In den uns vorliegenden Schlußbänden stehen die Uebersichten voran. Die Sowjetunion, Spanien, die Vereinigten Staaten mit 21, 20 und 31 Spalten, darnach Südafrika, Südamerika als Gesamtheit, die Tschechoslowakei, die Türkei, Ungarn und Vorderindien erfahren eine konzise, allseitige Würdigung ihrer Gegenwart und ihrer Vergangenheit. Andere Staaten, so der Sudan, Syrien, Thailand, Tibet, Tunesien, Uruguay, Venezuela, Vietnam, autonome Gebiete, wie die Steiermark, der deutsche Südweststaat (Baden-Württemberg) und Südtirol (ausgezeichnet), wichtige Zentren, zum Beispiel Tokio, Wien, Zürich, haben nicht minder sachkundige Bearbeitung gefunden. Aus den Biographien ragen hervor: Sophokles, Spinoza, Freiherr von Stein, Stendhal, Stifter, Tasso, Tizian, Lev Tolstoj, Trockij (leider Trotzky Orthographien), Paul Valėry, Lope de Vega, Veläzquez, Verdi, Vergib Voltaire, Richard Wagner, Wieland (vielleicht allzu reichlich bedacht). Weniger befriedigen die Notizen über Stalin (warum kein Bild, während doch Trockijs freundliches Antlitz uns anblickt?), über Johann Strauß (unzulänglich), Thomas von Aquino (der säkularen Bedeutung nicht gerecht), Tschingis-Chan (gleicher Einwand), Wallenstein (keine Beachtung der tschechischen Forschung), Wells (überschätzt), den Philosophen Wittgenstein (nicht dessen Rang gemäß).

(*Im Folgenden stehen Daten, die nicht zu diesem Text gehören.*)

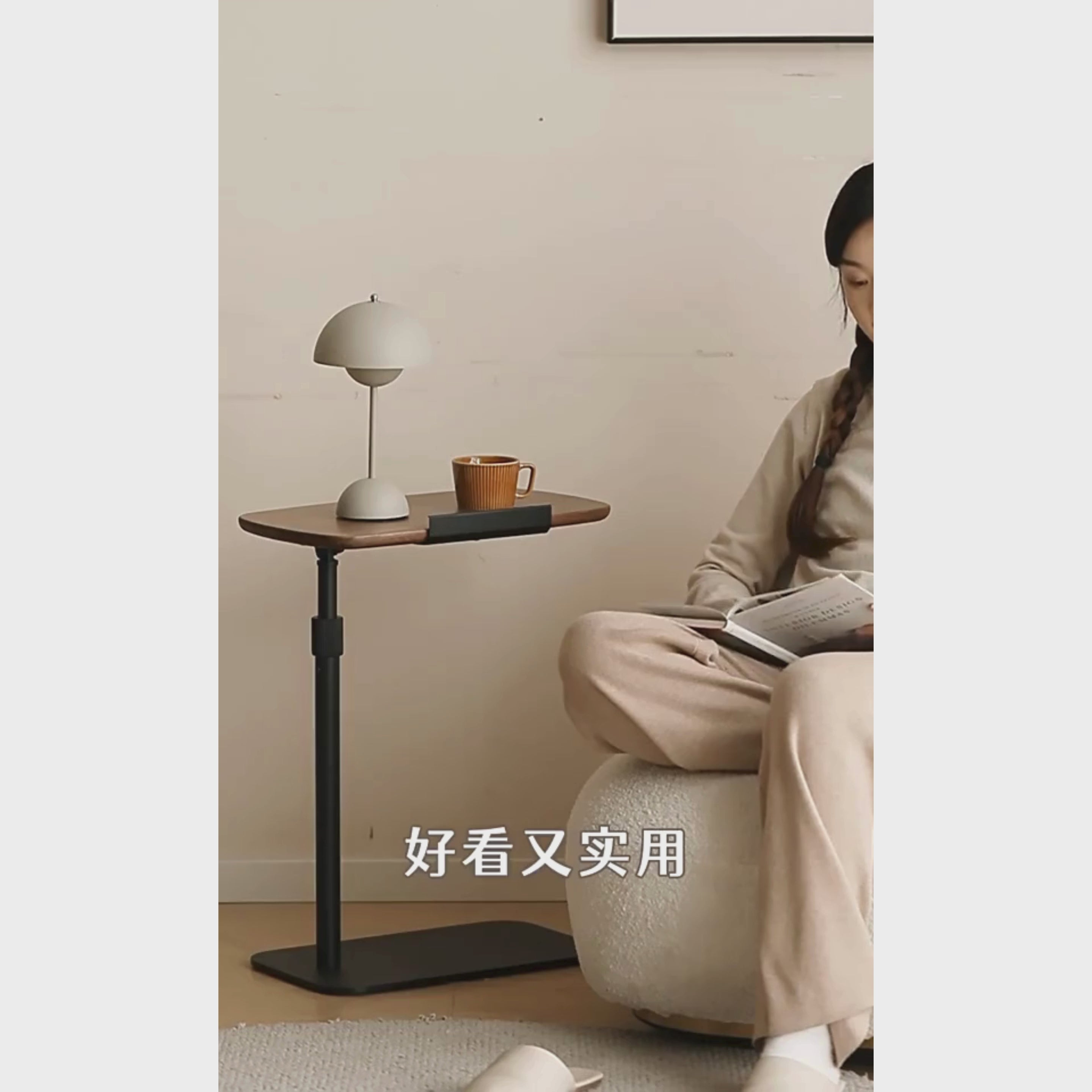 Black Walnut Solid Wood Liftable Rotating Side Table

Von historischen Zusammenfassungen stechen hervor: Völkerwanderung (leider in der Literatur nicht nur kein Hinweis auf französische grundlegende Darstellungen, mit Lot an der Spitze, und schon gar keiner auf russische Werke, sondern auch eine zu spärliche Auswahl aus deutschen Monographien), besonders wohlgeraten das Bild der Vorgeschichte, die Wappenkunde, eine durch eine gute Tabelle ergänzte Chronik der Weimarer Republik. Die sehr eingehende Schilderung der beiden Weltkriege auf neun und auf rund dreißig Spalten ist in ihrem militärischen Teil meisterhaft, doch nach der politischen Seite wenig angetan, außerhalb, sagen wir preußisch-traditionsfroher Kreise Vergnügen zu bereiten. Gleich die „Ursachen” des blutigen Ringens von 1914 bis 1918: „Französische Revanchehoffnungen” und die „durch sie verschärften deutsch-französischen Spannungen”, die „panslawistische Bewegung”. „Das Deutsche Reich zog sich durch die Unterstützung der Donaumonarchie die Feindschaft Rußlands, und durch seinen als reine Defensivmaßnahme gedachten, von den Engländern als Bedrohung empfundenen Flotten bau die Gegnerschaft Großbritanniens zu. Die friedliche, aber unsichere und schwankende deutsche Politik” usw. Kurz und gut, welsche Rewangsche, britischer Neid, russischer Imperialismus und Kamerad Schnürsenkel, während wir, ins Höchstdeutsche übersetzt, eh die reinen Lamperln waren. Sogar der Weltkrieg II: „Hitler schlug Polen ein Ueberein- kommen vor … Die polnische Regierung lehnte dieses Ansinnen ab . .. Drei Tage vorher hatte sie Maßnahmen zu einer Teilmobilisierung und Zusammenziehung von Truppen an der Danziger Grenze getroffen. Daraufhin befahl Hitler Ende März der Wehrmacht, sich auf die unvermeidlich erscheinende militärische Auseinandersetzung mit Polen bis Ende August vorzubereiten”. Sonnenklar, nicht wahr? Daß nämlich das bedrohte Großdeutsche Reich zu den Waffen greifen mußte. Schwamm darüber!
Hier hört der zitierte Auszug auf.